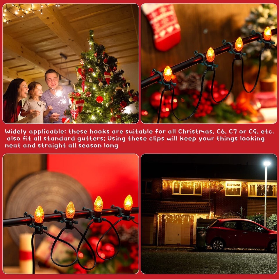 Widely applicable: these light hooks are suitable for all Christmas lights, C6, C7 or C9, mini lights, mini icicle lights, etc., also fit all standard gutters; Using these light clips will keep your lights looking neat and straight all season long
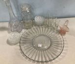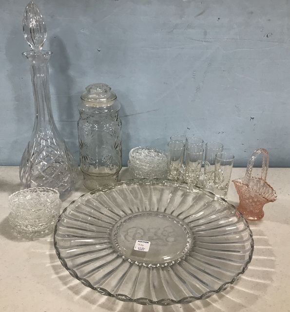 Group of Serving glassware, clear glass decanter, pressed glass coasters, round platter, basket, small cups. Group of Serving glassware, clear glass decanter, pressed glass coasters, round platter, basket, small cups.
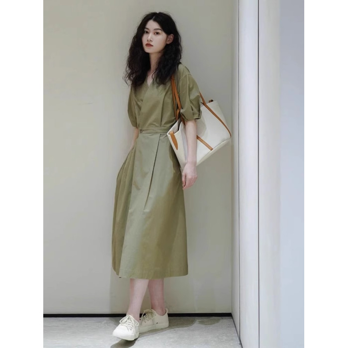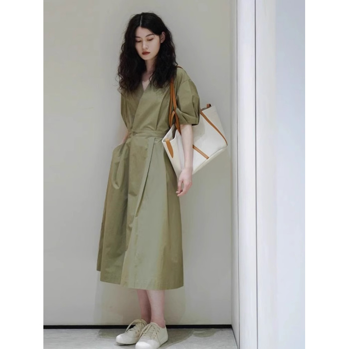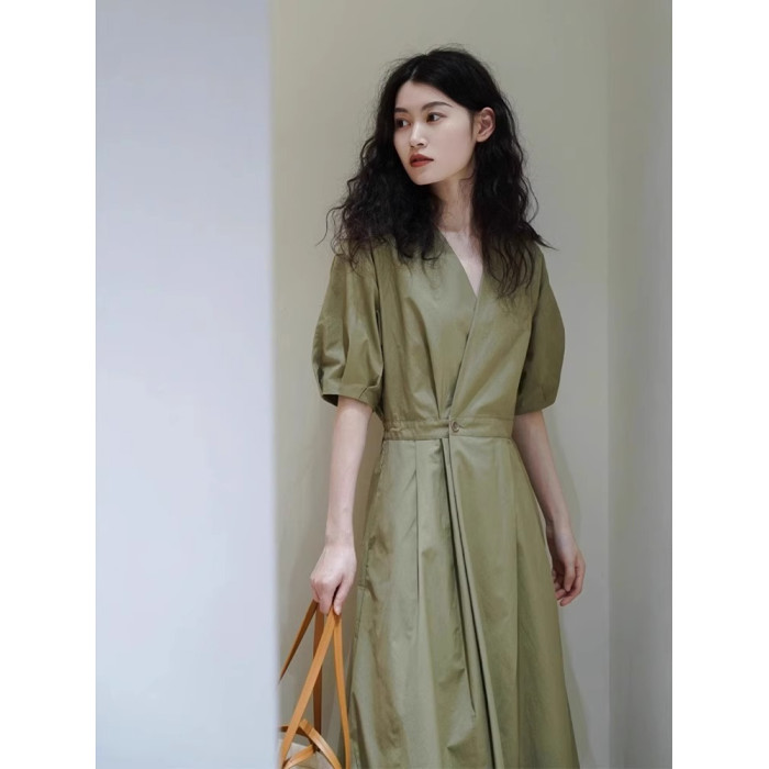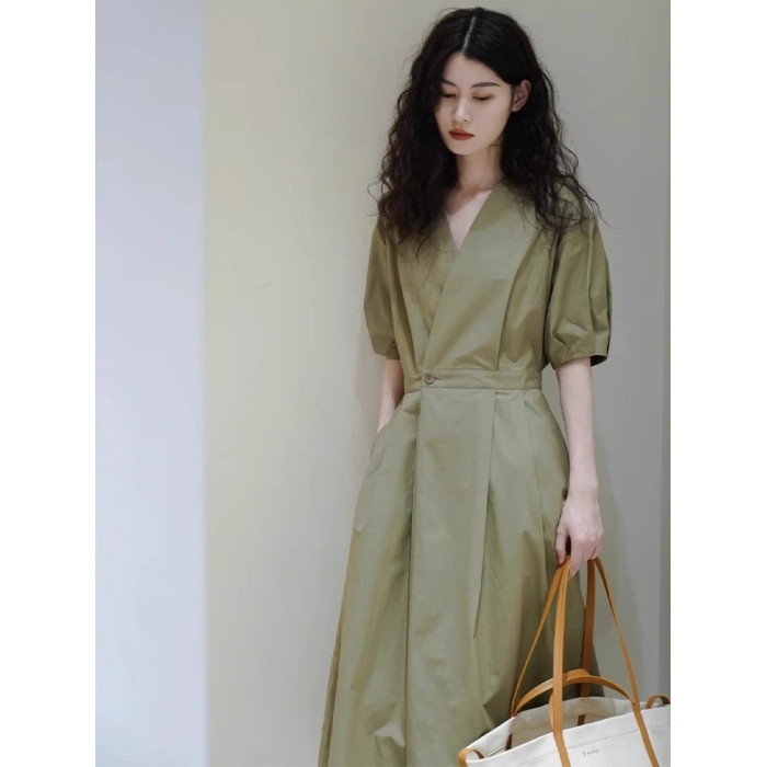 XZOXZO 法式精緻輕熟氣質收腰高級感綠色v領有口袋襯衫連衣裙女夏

...

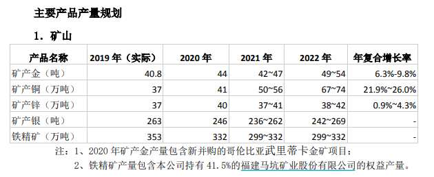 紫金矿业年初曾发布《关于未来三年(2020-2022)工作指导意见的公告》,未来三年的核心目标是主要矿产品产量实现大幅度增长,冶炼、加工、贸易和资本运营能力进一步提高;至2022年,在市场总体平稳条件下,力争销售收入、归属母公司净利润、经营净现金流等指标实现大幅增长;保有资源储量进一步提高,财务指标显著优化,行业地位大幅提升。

◆ Problem description ◆
Work from the entries above. Set down exactly and only the lines from the line with "Widely applicable: these" to the line with "XZOXZO 法式精緻輕熟氣質收腰高級感綠色v領有口袋襯衫連衣裙女夏", both included, and leave the pictures out.

◆ Output of the task ◆
 Widely applicable: these light hooks are suitable for all Christmas lights, C6, C7 or C9, mini lights, mini icicle lights, etc., also fit all standard gutters; Using these light clips will keep your lights looking neat and straight all season long
 Group of Serving glassware, clear glass decanter, pressed glass coasters, round platter, basket, small cups. Group of Serving glassware, clear glass decanter, pressed glass coasters, round platter, basket, small cups.
 XZOXZO 法式精緻輕熟氣質收腰高級感綠色v領有口袋襯衫連衣裙女夏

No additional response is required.